Work request: Restate the listing below word for word, omitting any images.

Data shown:
*** Block opens ***
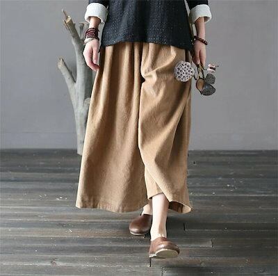 ガウチョパンツ コーデュロイ レディース 秋冬 ワイドパンツ コーデュロイパンツ 秋 春 冬 大きいサイズ ゆったり ボトムス コーデュロイ パンツ タック フレアパンツ キュロットパンツ 体型カバー | gizshop
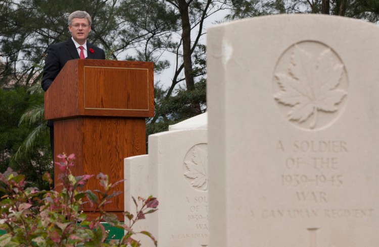 Speaking at the Sai Wan Bay Cemetery in Hong Kong where nearly 300 Canadian soldiers who died while taking part in a mission during WWII are buried, Prime Minister Stephen Harper honoured the service of all Canadian soldiers and those who made the ultimate sacrifice.
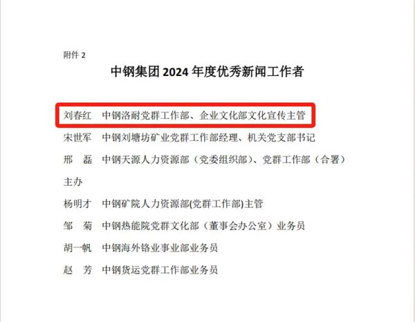 近日,中鋼集團2024年度優秀新聞作品、優秀新聞工作者評選結果揭曉,中鋼洛耐4部作品脫穎而出,榮獲“中鋼集團2024年度優秀新聞作品”,中鋼洛耐劉春紅獲評“中鋼集團2024年度優秀新聞工作者”。
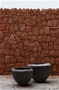 Luxury outdoor planter made of fired clay/ceramics, manufactured by Belgian workshop Domani.
*** Block closes ***
Result for this task:
 ガウチョパンツ コーデュロイ レディース 秋冬 ワイドパンツ コーデュロイパンツ 秋 春 冬 大きいサイズ ゆったり ボトムス コーデュロイ パンツ タック フレアパンツ キュロットパンツ 体型カバー | gizshop
 Speaking at the Sai Wan Bay Cemetery in Hong Kong where nearly 300 Canadian soldiers who died while taking part in a mission during WWII are buried, Prime Minister Stephen Harper honoured the service of all Canadian soldiers and those who made the ultimate sacrifice.
 近日,中鋼集團2024年度優秀新聞作品、優秀新聞工作者評選結果揭曉,中鋼洛耐4部作品脫穎而出,榮獲“中鋼集團2024年度優秀新聞作品”,中鋼洛耐劉春紅獲評“中鋼集團2024年度優秀新聞工作者”。
 Luxury outdoor planter made of fired clay/ceramics, manufactured by Belgian workshop Domani.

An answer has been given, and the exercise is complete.